Maybe just a last word about this going off-grid.
Its been an interesting week. Not only was it fairly overcast but there is also the technial issue associated with the new batteries. Batteries come 50% charged. Obviously, that means that at startup one has half capacity (nominally). So, your first night WILL mean that you're most likely to go dark in the night. The next two days were quite overcast but there was generation and charging happening from the panel array (these latest panels are awsome in low light conditions).

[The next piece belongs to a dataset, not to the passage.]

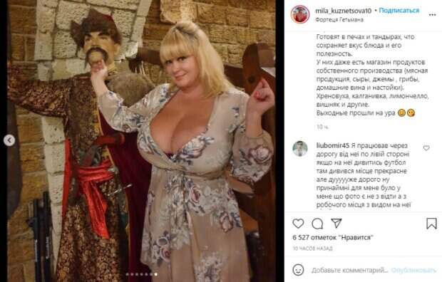 Украинская модель Мила Кузнецова, являющаяся обладательницей 15-го размера бюста, восхитила сочными кадрами Как передает Politeka.net, красотка опубликовала серию свежих фото в своем микроблоге в Инстаграм, на которых покуражилась перед камерой в удивительном месте. Так, модель похвасталась отдыхом в колоритном гостинично-ресторанном комплексе под Киевом.

But, although the batteries did reach +95%, on both following mornings the batteries died (uncannily - right at sunrise - spooky). the third day had very broken cloud cover so good light and the battery pack hit 100%. Since then we have not had any overnight drop-out of power and have had (ave) 45% battery capacity at the start of mornings.

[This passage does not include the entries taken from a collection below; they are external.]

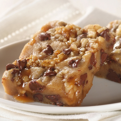 SPRINKLE1/4 cup nuts over cookie crust; drizzle caramel syrup over nuts. Top with teaspoonfuls of remaining cookie dough; press gently into caramel syrup. Sprinkle with remaining 1/4 cup nuts.
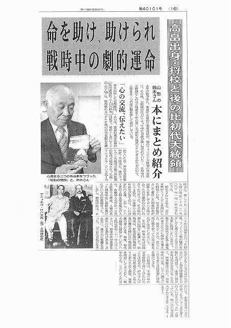 ▼フィリッピン大統領の恩人は高畠出身の神保中佐だった。
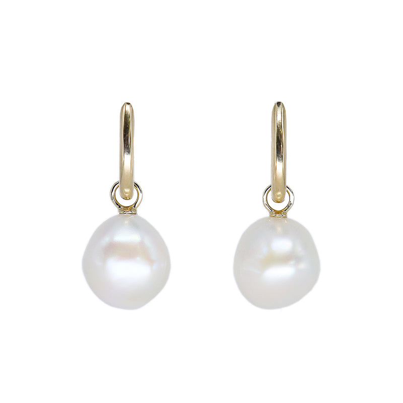 9ct Yellow Gold Freshwater White Baroque 11-13mm Pearl Huggie Hoop Earring - Removeable

My take on this startup is that Lithium batteries are strange beasts - and - it took a couple of days for them to :cycle' into proper charge/dischage behaviour (I guess that the sentence might not make sense at first but its what seems to have occurred). So, now they have been through a couple of charge/dischaged days they're "burned-in" (like when we had to "run our vehicle engines in" in the old days).

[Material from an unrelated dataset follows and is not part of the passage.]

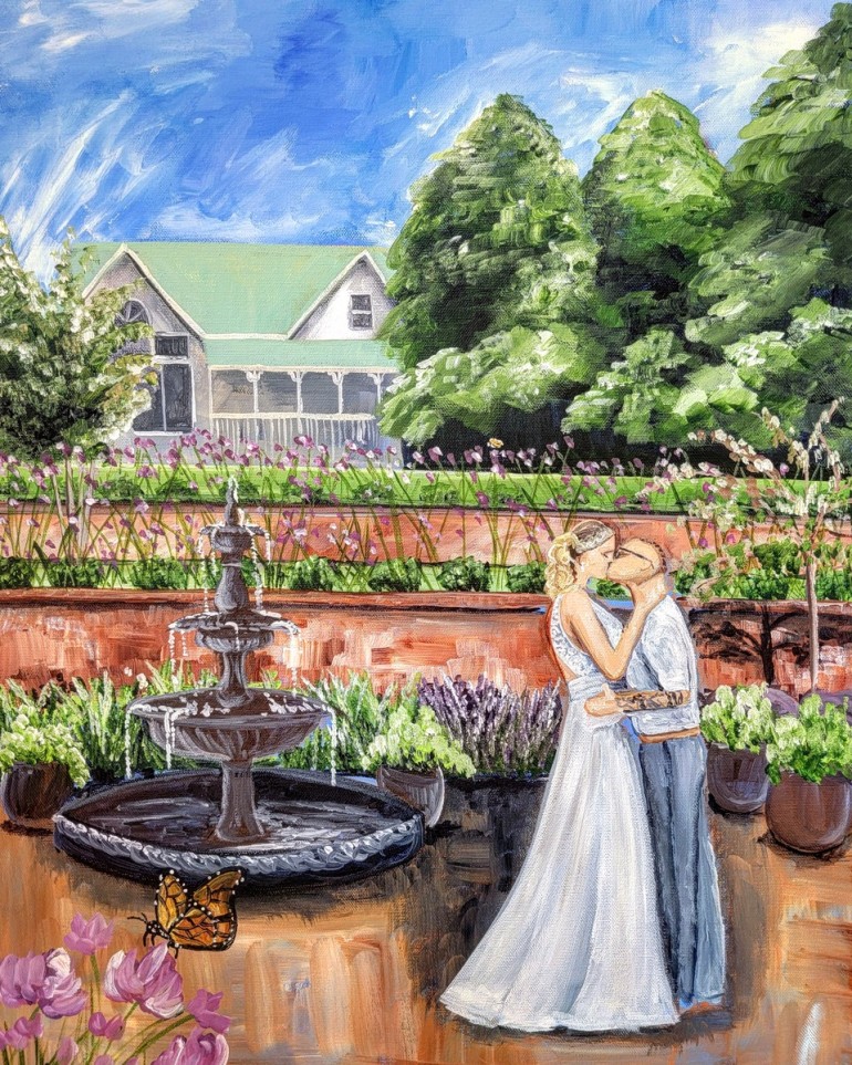 While the former designates her style to be post-impressionistic, and the latter as colorful and whimsical, each live painter has their own preferred medium and unique artistic perspective, which makes researching an artist’s work ahead of time an important first step for couples.

We were a little unlucky with the startup weather which was caused by an infrequent system that moved down from the Mozambique Channel southwards.
My long standing electricity monitor shows our usage behaviour is still constant. The odd part, and, this relates to the GRID supply (nominally 240v in RSA +-10%) is that the monitor readings from the GRID are twice what I see from the Inverter (a stable 230v and 50Hz).
Lastly - as South Africans now used to LOADSHEDDING in the grid since 2008 (people call them black-outs the power utility insists its loadshedding) our attitude to the batteries/inverter going down was Ah well....it happens. Well, we started out here without the grid - now we're back where we started (except its a generator on steroids now).